Requirement: This exercise requires an exact output of the listing, images omitted.

Dataset excerpts:
--------------------------------
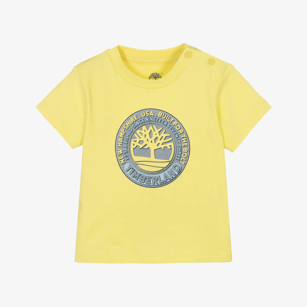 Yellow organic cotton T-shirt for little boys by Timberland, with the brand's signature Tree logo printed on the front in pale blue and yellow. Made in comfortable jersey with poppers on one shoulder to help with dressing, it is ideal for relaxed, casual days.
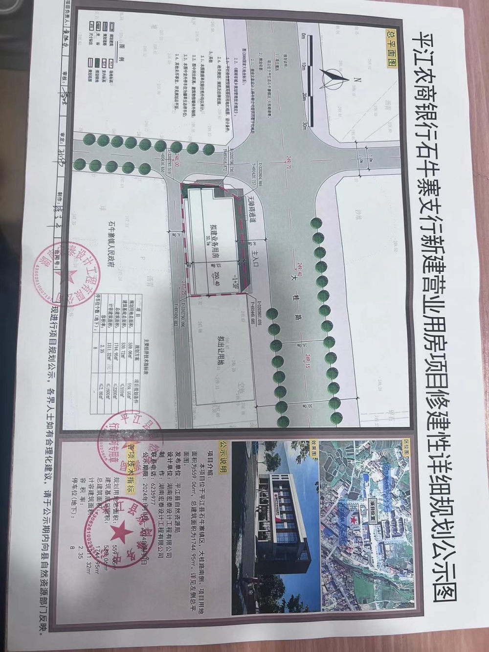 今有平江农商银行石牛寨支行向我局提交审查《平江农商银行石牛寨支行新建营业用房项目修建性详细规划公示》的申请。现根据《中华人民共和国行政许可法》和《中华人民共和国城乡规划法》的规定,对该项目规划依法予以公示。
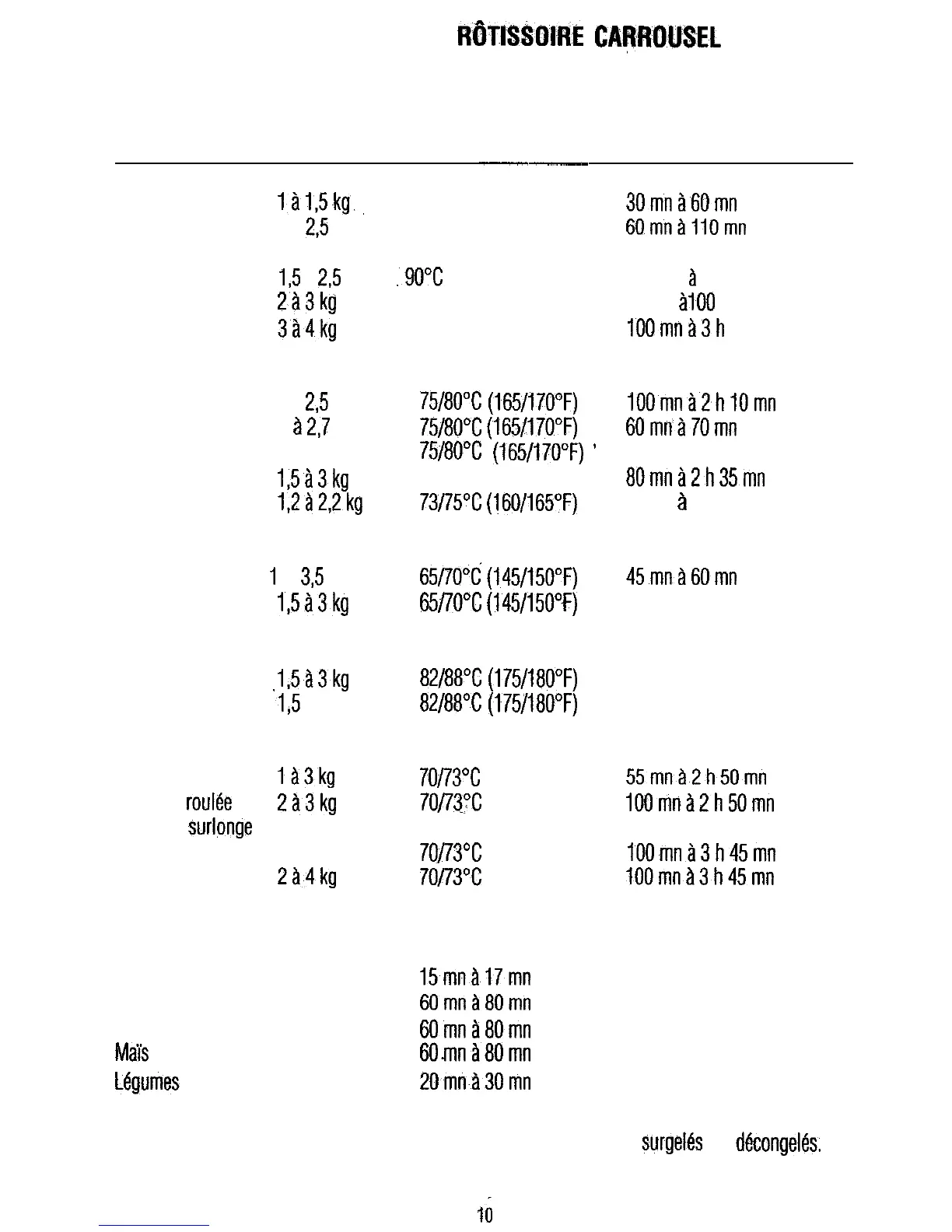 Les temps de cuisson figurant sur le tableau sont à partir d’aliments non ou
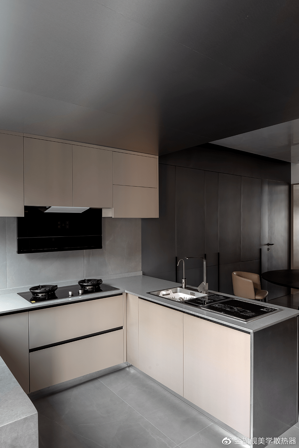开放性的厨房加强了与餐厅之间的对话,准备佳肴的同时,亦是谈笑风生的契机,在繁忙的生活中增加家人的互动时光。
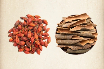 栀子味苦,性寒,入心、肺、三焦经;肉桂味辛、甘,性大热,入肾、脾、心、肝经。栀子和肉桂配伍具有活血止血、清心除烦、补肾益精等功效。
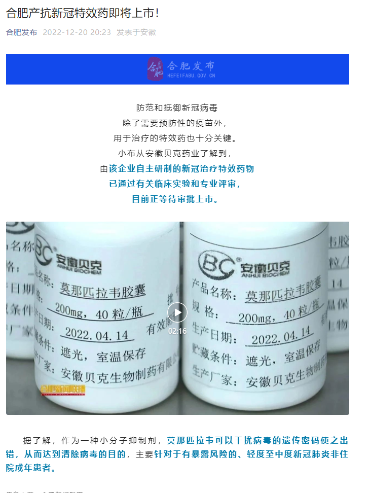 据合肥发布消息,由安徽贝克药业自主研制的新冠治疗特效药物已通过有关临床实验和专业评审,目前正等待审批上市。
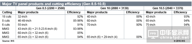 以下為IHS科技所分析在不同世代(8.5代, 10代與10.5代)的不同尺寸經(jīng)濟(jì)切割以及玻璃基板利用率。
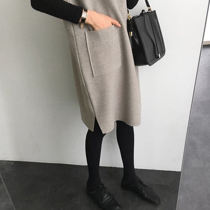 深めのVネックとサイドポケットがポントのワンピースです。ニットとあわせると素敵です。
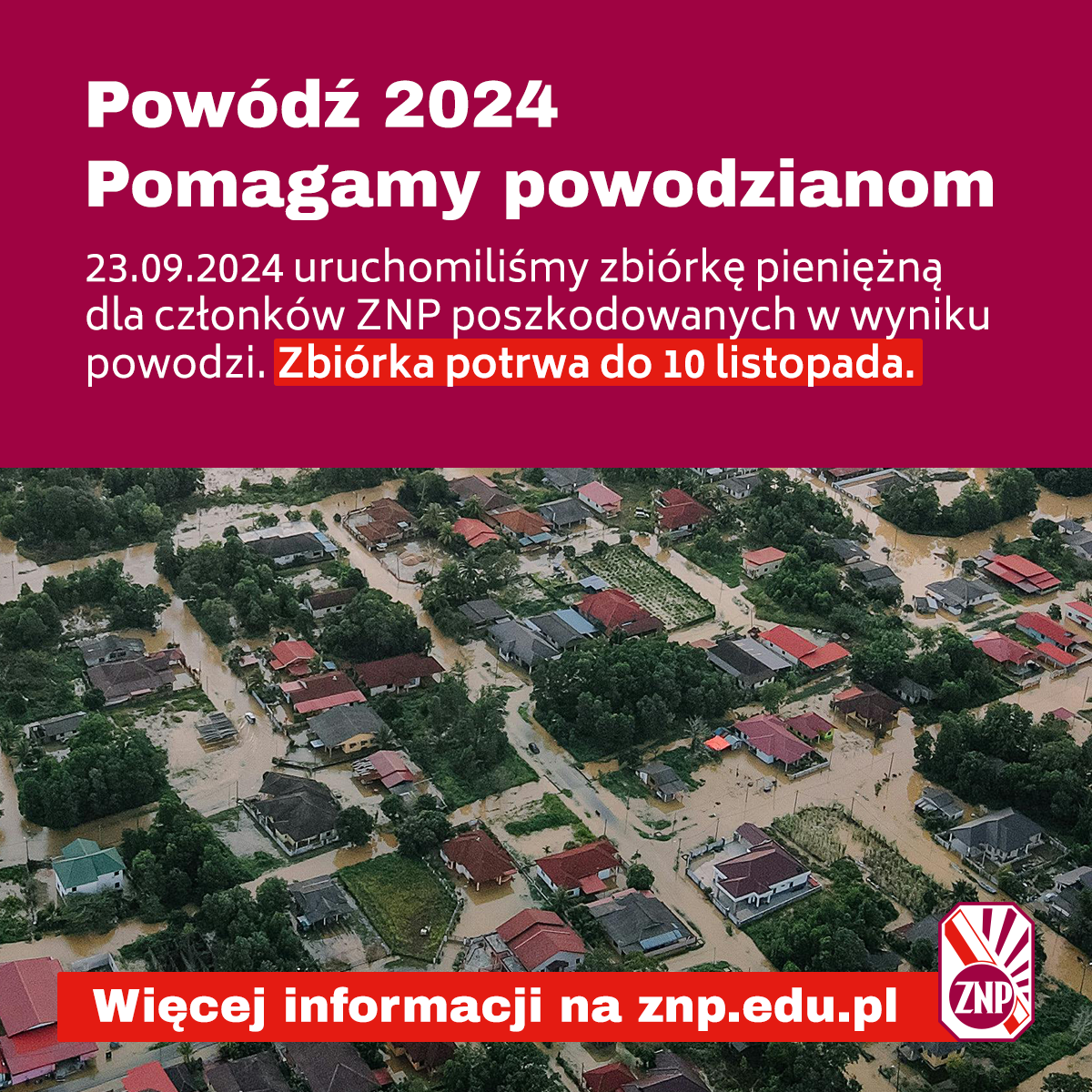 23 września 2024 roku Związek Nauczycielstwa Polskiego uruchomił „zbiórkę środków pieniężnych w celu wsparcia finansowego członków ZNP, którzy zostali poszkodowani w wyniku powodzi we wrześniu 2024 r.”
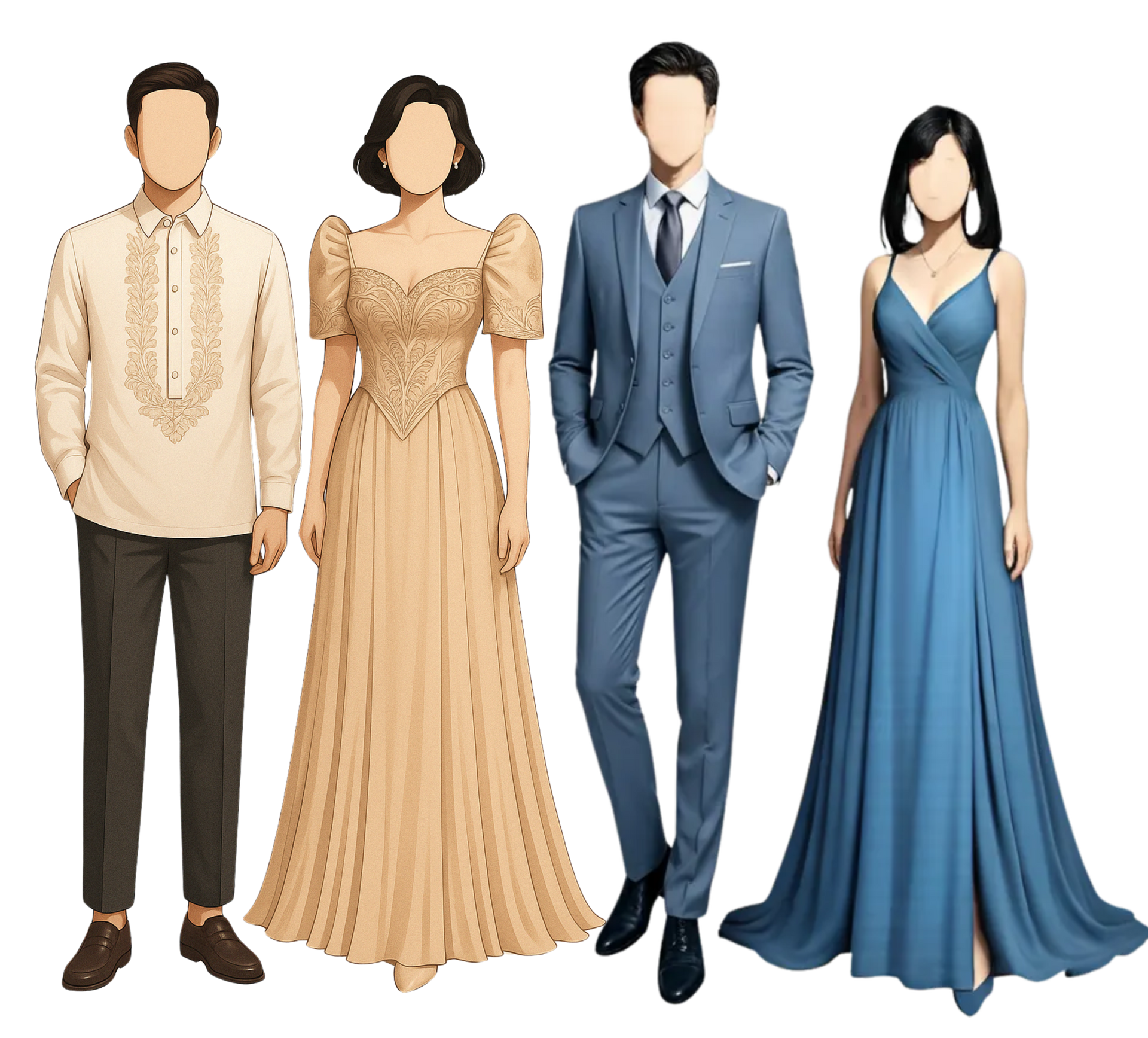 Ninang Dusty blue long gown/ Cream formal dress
--------------------------------
Response box:
 Yellow organic cotton T-shirt for little boys by Timberland, with the brand's signature Tree logo printed on the front in pale blue and yellow. Made in comfortable jersey with poppers on one shoulder to help with dressing, it is ideal for relaxed, casual days.
 今有平江农商银行石牛寨支行向我局提交审查《平江农商银行石牛寨支行新建营业用房项目修建性详细规划公示》的申请。现根据《中华人民共和国行政许可法》和《中华人民共和国城乡规划法》的规定,对该项目规划依法予以公示。
 Les temps de cuisson figurant sur le tableau sont à partir d’aliments non ou
开放性的厨房加强了与餐厅之间的对话,准备佳肴的同时,亦是谈笑风生的契机,在繁忙的生活中增加家人的互动时光。
 栀子味苦,性寒,入心、肺、三焦经;肉桂味辛、甘,性大热,入肾、脾、心、肝经。栀子和肉桂配伍具有活血止血、清心除烦、补肾益精等功效。
 据合肥发布消息,由安徽贝克药业自主研制的新冠治疗特效药物已通过有关临床实验和专业评审,目前正等待审批上市。
 以下為IHS科技所分析在不同世代(8.5代, 10代與10.5代)的不同尺寸經(jīng)濟(jì)切割以及玻璃基板利用率。
 深めのVネックとサイドポケットがポントのワンピースです。ニットとあわせると素敵です。
 23 września 2024 roku Związek Nauczycielstwa Polskiego uruchomił „zbiórkę środków pieniężnych w celu wsparcia finansowego członków ZNP, którzy zostali poszkodowani w wyniku powodzi we wrześniu 2024 r.”
 Ninang Dusty blue long gown/ Cream formal dress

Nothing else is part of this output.